What is being asked.
Every line below must come back exactly as it stands, with the images omitted.
-------- The data --------
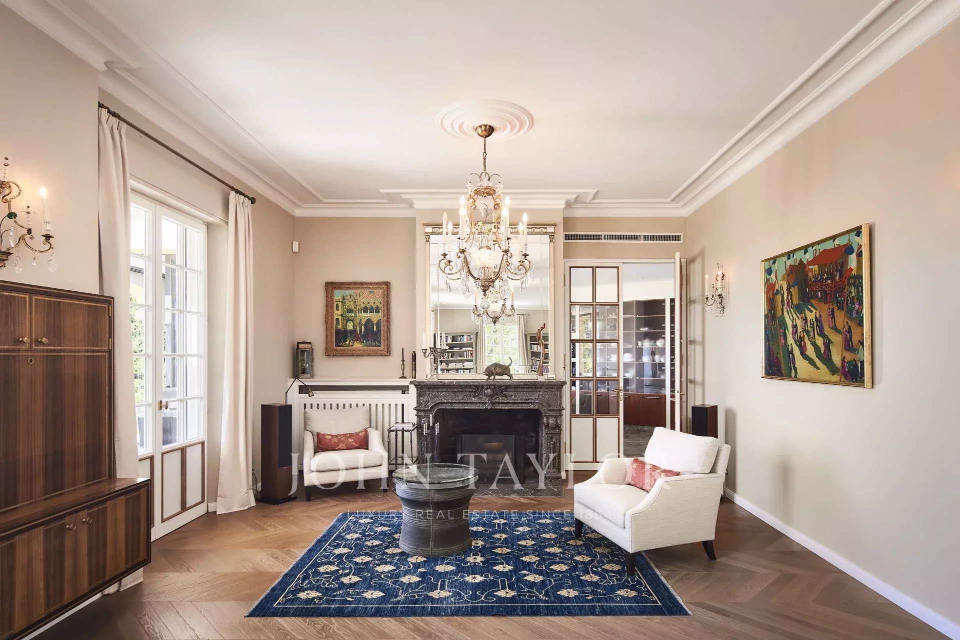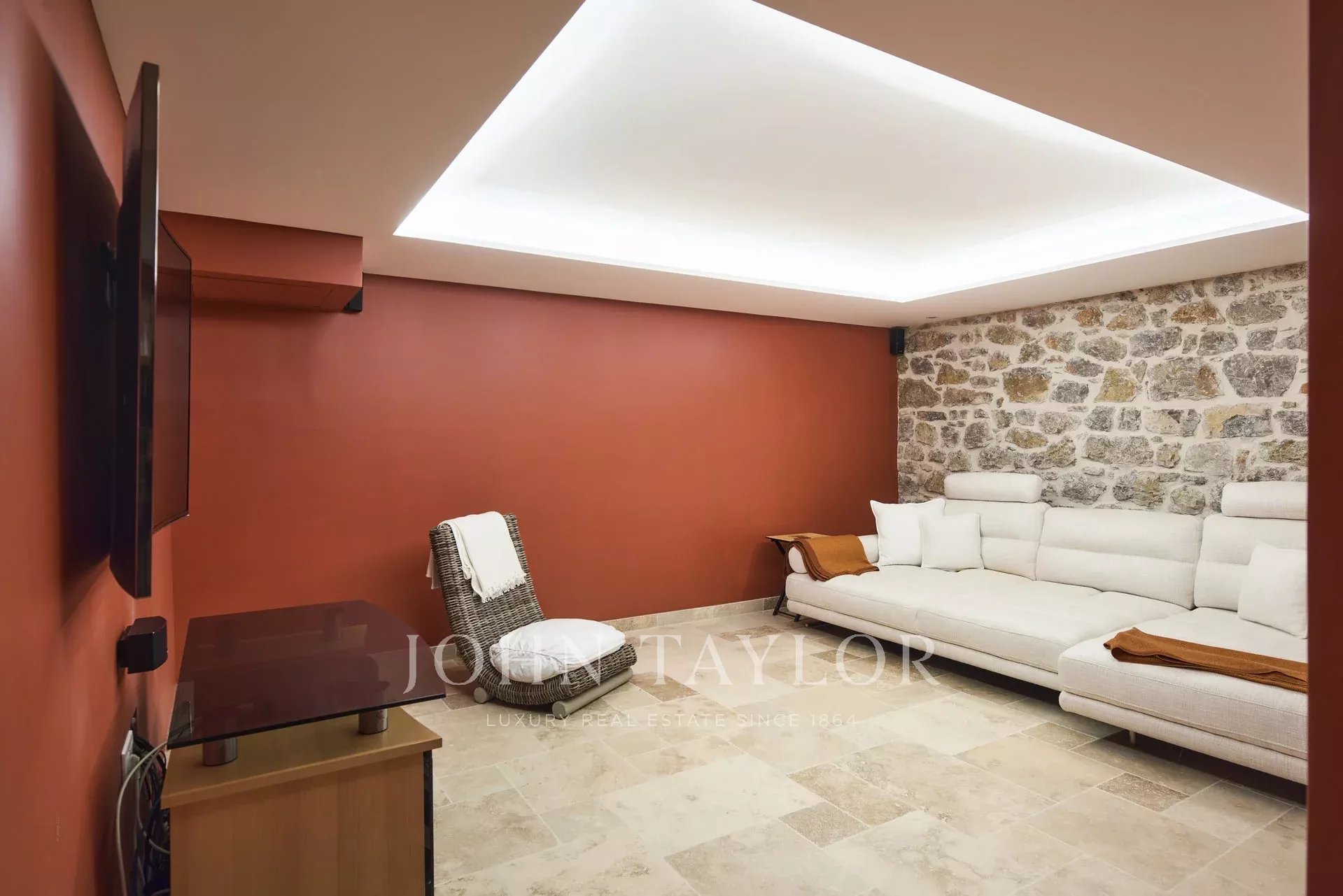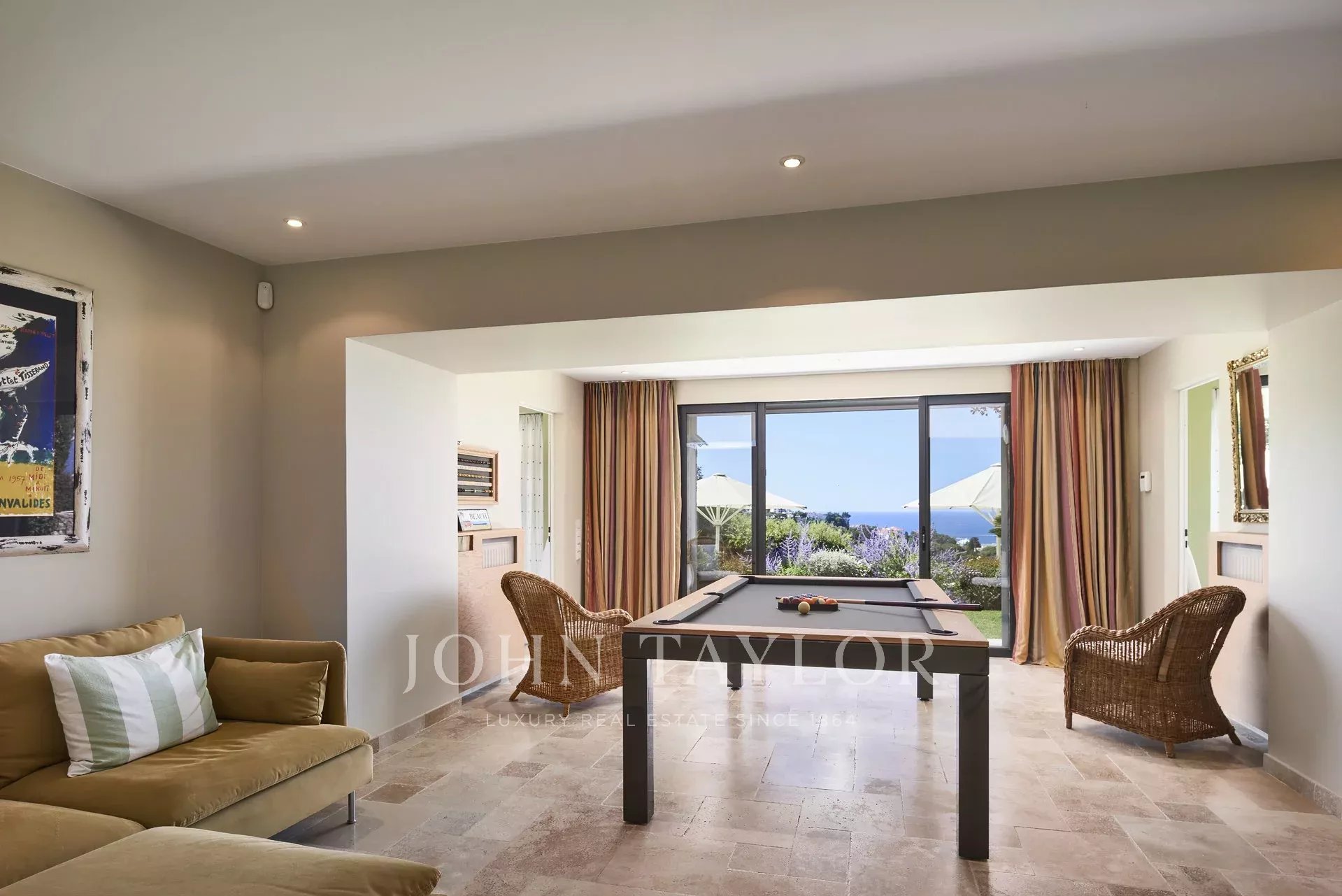 Double air conditioned living room of about 110 sq.m (flat screen TV, audio system Sonos) with fireplace, opening onto the main terrace, summer lounge, sea view
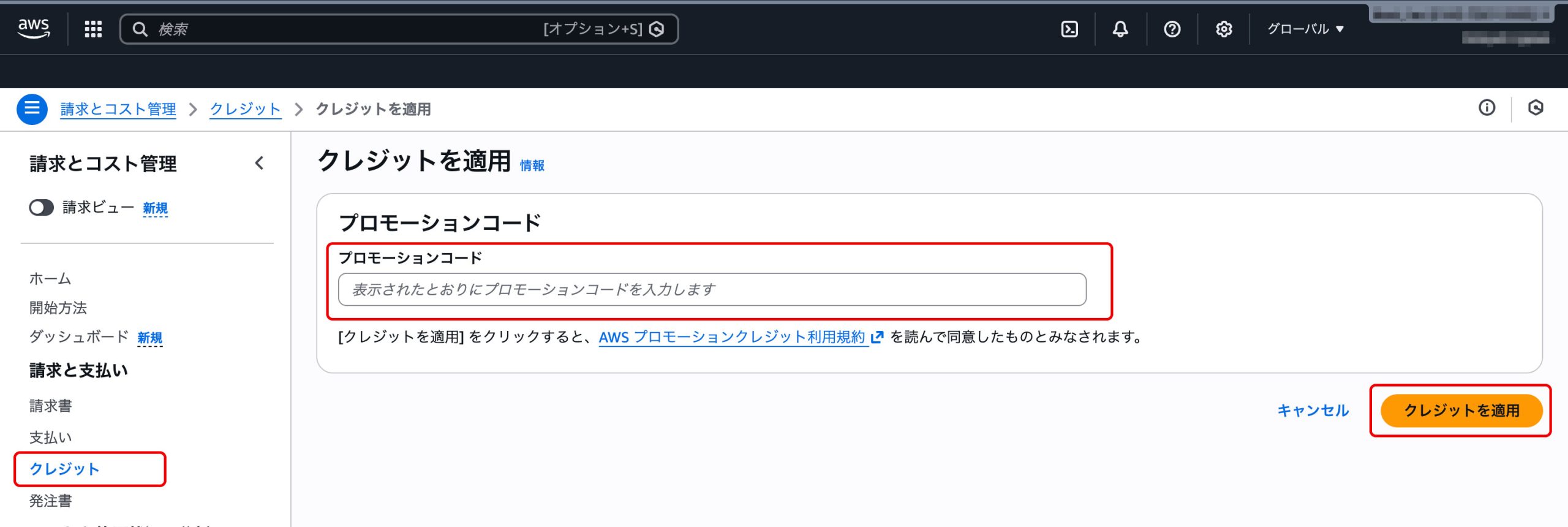 AWSプロモーションクレジットは、クーポンコードの入力が必要なケースを除いて、アカウントに付与された時点で自動適用されます。
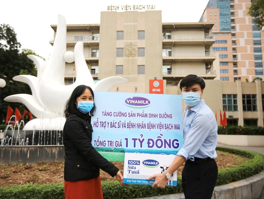 Với mong muốn tăng cường thêm dinh dưỡng để kịp thời tiếp sức cho đội ngũ y, bác sĩ cũng như các bệnh nhân đang điều trị tại bệnh viện, Vinamilk đã ủng hộ các sản phẩm dinh dưỡng, như: sữa tươi 100%, sữa chua uống bổ sung men sống Probi, nước cam ép, các loại sữa đậu nành, sữa hạt… với tổng giá trị 1 tỉ đồng.
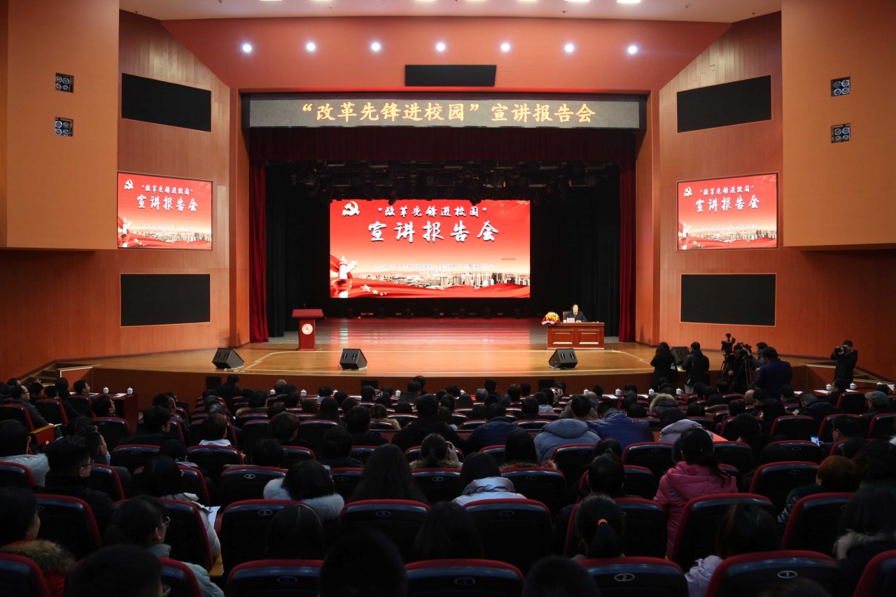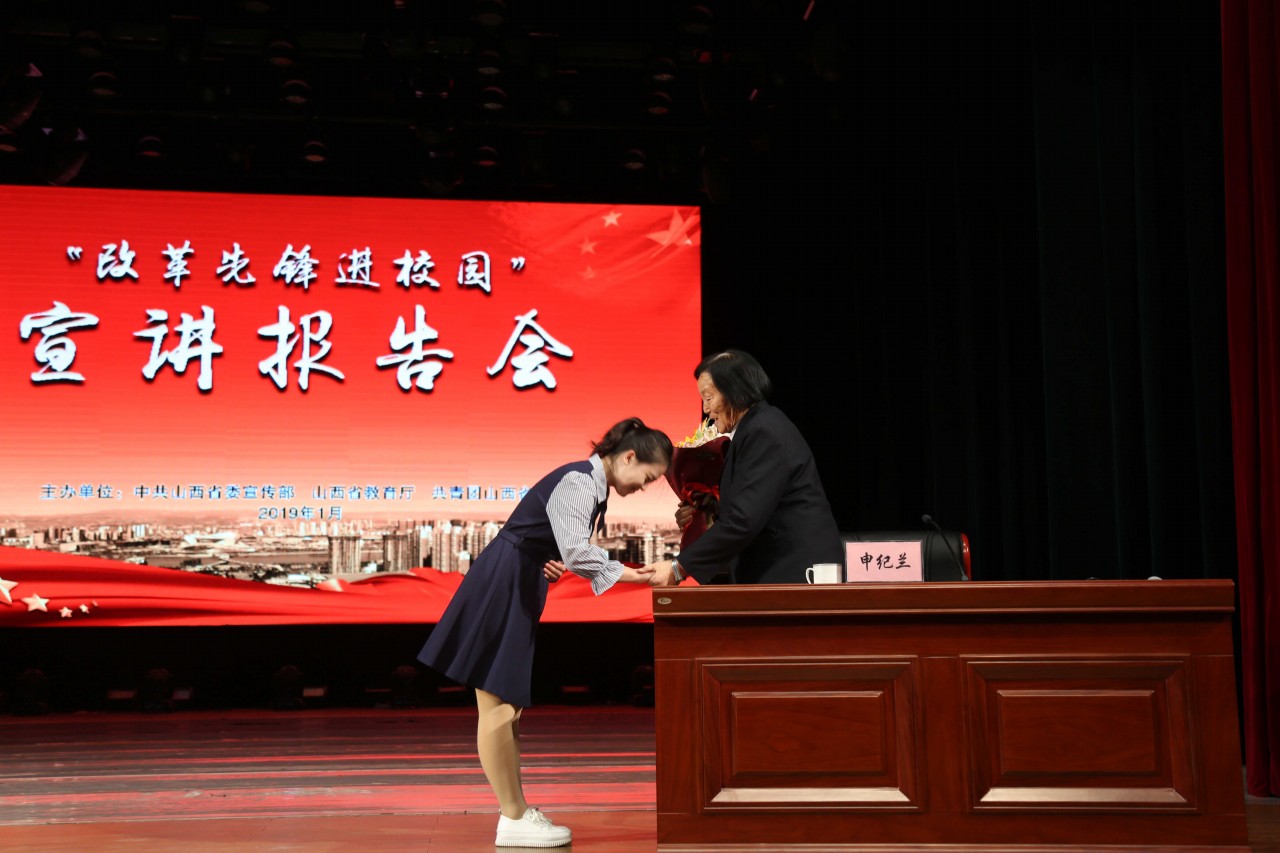为深入学习宣传贯彻习近平总书记在庆祝改革开放40周年大会上的重要讲话精神,更好发挥先锋榜样的示范引领作用,由中宣部、教育部、团中央主办,中共山西省委宣传部、山西省教育厅、共青团山西省委共同承办的“改革先锋进校园”宣讲报告会于1月8日在我院举行。
--------
Answer.
 Double air conditioned living room of about 110 sq.m (flat screen TV, audio system Sonos) with fireplace, opening onto the main terrace, summer lounge, sea view
 AWSプロモーションクレジットは、クーポンコードの入力が必要なケースを除いて、アカウントに付与された時点で自動適用されます。
 Với mong muốn tăng cường thêm dinh dưỡng để kịp thời tiếp sức cho đội ngũ y, bác sĩ cũng như các bệnh nhân đang điều trị tại bệnh viện, Vinamilk đã ủng hộ các sản phẩm dinh dưỡng, như: sữa tươi 100%, sữa chua uống bổ sung men sống Probi, nước cam ép, các loại sữa đậu nành, sữa hạt… với tổng giá trị 1 tỉ đồng.
为深入学习宣传贯彻习近平总书记在庆祝改革开放40周年大会上的重要讲话精神,更好发挥先锋榜样的示范引领作用,由中宣部、教育部、团中央主办,中共山西省委宣传部、山西省教育厅、共青团山西省委共同承办的“改革先锋进校园”宣讲报告会于1月8日在我院举行。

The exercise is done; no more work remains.